Thinking about all kinds of stuff, doing all kinds of work around the house, doing all kinds of errands. Basically living the dream mang. I'm like, attractive, healthy, honest, emotionally stable and completely at peace with who I am as a human being. Like, WTF! It's amazing how I think back on all the people who have left my life in the last few years and there's like, no bitterness or anger in me over that, I'd accept all of them back with open arms and a new sort of fresh face on who I am. I really think they'd like me, and I only wish I'd allowed myself to BE me before.

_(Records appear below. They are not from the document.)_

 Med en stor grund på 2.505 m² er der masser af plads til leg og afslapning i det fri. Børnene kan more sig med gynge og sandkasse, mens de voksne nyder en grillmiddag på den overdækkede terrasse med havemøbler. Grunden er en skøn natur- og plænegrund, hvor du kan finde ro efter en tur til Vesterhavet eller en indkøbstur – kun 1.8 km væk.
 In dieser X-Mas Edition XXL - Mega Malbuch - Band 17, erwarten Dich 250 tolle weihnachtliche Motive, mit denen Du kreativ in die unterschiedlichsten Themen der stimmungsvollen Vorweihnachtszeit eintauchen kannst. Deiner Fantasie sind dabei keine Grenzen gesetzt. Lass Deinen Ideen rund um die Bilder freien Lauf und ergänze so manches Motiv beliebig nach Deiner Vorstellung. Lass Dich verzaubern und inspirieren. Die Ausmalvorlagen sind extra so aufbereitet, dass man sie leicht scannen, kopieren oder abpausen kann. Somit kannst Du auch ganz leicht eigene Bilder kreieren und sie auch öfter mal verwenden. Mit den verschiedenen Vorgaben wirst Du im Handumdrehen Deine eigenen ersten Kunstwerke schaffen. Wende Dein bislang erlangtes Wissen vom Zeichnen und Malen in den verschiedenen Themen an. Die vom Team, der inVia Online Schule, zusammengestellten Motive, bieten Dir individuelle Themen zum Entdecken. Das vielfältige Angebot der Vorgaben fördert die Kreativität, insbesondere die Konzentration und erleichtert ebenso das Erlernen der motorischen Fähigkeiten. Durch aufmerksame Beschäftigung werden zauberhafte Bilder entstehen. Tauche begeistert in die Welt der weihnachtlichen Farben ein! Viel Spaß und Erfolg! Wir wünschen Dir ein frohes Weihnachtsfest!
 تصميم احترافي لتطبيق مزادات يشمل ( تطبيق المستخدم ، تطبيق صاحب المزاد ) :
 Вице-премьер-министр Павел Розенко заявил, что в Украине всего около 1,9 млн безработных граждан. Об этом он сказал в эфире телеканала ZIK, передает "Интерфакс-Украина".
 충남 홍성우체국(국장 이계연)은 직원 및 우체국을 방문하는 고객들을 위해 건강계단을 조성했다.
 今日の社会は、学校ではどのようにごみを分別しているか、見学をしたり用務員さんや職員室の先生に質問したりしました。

In a pretty great mood, looking forward is much better than dwelling on the past.
» Satori
Probably going to start posting here more often again, kindof like that I can't find any of my old emo posts/info from before I became a massive alkie and stopped being able to handle the trauma I had been put through since the age of 12 or so. You know how in dikuMUDs you could break the game by topping a spec out over 255 and wrapping it around? Well I sort of think of that as enlightenment, and I think my insanity/drugginess finally did that. I'm much calmer now, a much faster thinker, colors look brighter and I can barely remember my trauma. I mean, I remember it clearly but it seems so emotionally distant that it might as well be a boring movie I'm half paying attention to. The sort of sad thing is that, as these changes are overcoming my psyche, people who aren't here either talking to me via internet or phone or whatever or actually physically here in my life well, they're fading in my memory to basically 2 dimensional clinical cutouts of people, like my memory of Britt became 10 years or so after she died. It's really sort of heartbreaking to be that cut off from people who I look at their old posts on my LJ and think "Gosh, I used to feel a close emotional bond with that person." It's amazing what depth of feeling my madness ignored and passed up, but I'm fully present in life NOW and I sort of feel like taking the time to go back and revisit those relationships isn't worth it. That's not to say I'm not open to it, but several (read many) people have completely excised the demonic Eric from their lives and despite me saying "hey guys, I'm better now" they want nothing to do with me. It will be very sad when I run into them a year from now or whatever and it dawns on them that I'm not bullshitting this time. Yay for Livejournal: where nobody reads your posts!